Exercise materials >>

+++

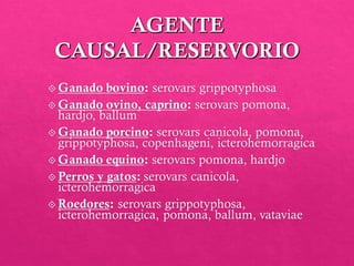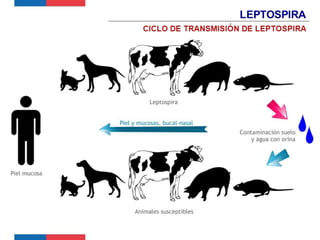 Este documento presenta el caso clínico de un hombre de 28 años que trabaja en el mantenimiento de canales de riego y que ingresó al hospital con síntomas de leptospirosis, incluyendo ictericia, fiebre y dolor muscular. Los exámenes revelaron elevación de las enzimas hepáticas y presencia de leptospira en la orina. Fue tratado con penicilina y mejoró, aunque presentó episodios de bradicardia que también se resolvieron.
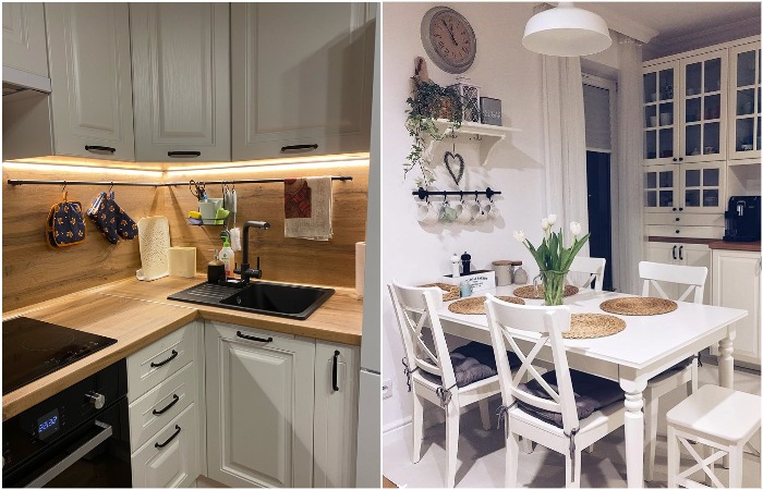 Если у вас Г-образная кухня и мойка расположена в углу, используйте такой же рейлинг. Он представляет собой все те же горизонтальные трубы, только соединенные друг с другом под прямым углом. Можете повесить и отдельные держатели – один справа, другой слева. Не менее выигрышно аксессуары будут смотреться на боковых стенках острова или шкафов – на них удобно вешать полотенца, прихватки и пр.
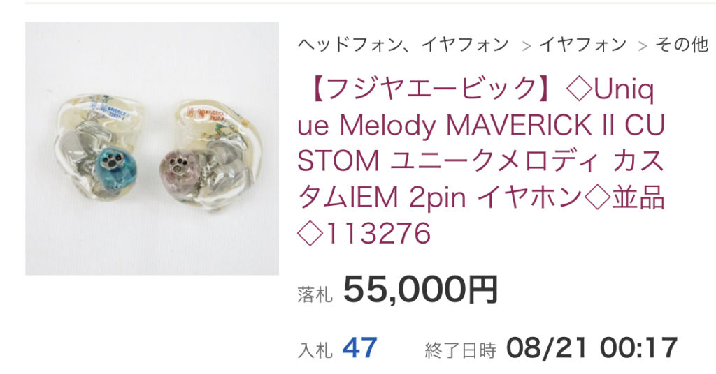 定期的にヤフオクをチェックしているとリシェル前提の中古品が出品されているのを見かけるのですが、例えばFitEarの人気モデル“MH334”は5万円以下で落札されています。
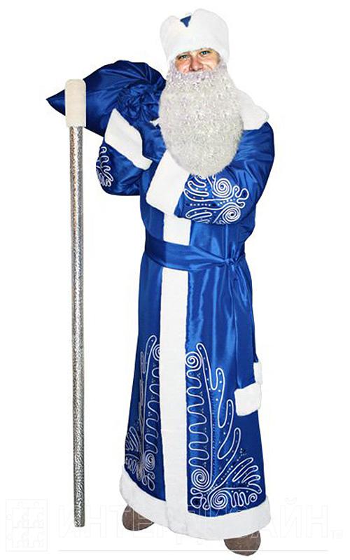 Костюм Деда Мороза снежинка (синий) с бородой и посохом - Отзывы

+++

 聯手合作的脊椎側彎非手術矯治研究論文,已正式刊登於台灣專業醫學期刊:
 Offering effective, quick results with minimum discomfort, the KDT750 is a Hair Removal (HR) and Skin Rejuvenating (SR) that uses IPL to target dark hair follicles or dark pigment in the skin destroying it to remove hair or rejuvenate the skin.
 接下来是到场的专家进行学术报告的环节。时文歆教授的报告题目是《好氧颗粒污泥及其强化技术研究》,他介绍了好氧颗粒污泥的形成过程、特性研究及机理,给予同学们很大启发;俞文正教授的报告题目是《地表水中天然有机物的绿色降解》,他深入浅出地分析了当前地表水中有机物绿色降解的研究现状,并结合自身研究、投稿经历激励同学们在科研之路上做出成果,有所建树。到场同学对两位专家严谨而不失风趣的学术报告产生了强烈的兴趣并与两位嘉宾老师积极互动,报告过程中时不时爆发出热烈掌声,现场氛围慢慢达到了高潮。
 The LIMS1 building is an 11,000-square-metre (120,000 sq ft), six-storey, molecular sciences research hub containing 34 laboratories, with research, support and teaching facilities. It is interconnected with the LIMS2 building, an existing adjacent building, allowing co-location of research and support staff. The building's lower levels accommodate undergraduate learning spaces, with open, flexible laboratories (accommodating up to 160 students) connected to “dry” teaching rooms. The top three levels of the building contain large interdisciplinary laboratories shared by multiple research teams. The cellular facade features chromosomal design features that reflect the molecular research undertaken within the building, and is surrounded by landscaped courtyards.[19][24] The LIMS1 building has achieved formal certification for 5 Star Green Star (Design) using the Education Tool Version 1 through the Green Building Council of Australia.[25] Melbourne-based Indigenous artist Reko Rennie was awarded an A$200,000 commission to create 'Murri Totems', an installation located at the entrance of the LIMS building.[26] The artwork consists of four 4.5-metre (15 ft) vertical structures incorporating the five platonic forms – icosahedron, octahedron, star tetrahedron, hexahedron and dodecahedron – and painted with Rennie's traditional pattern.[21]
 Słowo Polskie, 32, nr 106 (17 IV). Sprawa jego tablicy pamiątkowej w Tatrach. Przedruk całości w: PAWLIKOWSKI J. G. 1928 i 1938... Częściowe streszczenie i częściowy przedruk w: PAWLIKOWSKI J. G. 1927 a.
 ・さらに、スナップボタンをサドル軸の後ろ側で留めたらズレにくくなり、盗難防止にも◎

+++

What is being asked >> The lines to set down run from the line with "Если у вас Г-образная" up to and including the line with "定期的にヤフオクをチェックし" in the entries above. Reproduce them exactly, with no pictures.

Answer space >>
 Если у вас Г-образная кухня и мойка расположена в углу, используйте такой же рейлинг. Он представляет собой все те же горизонтальные трубы, только соединенные друг с другом под прямым углом. Можете повесить и отдельные держатели – один справа, другой слева. Не менее выигрышно аксессуары будут смотреться на боковых стенках острова или шкафов – на них удобно вешать полотенца, прихватки и пр.
 定期的にヤフオクをチェックしているとリシェル前提の中古品が出品されているのを見かけるのですが、例えばFitEarの人気モデル“MH334”は5万円以下で落札されています。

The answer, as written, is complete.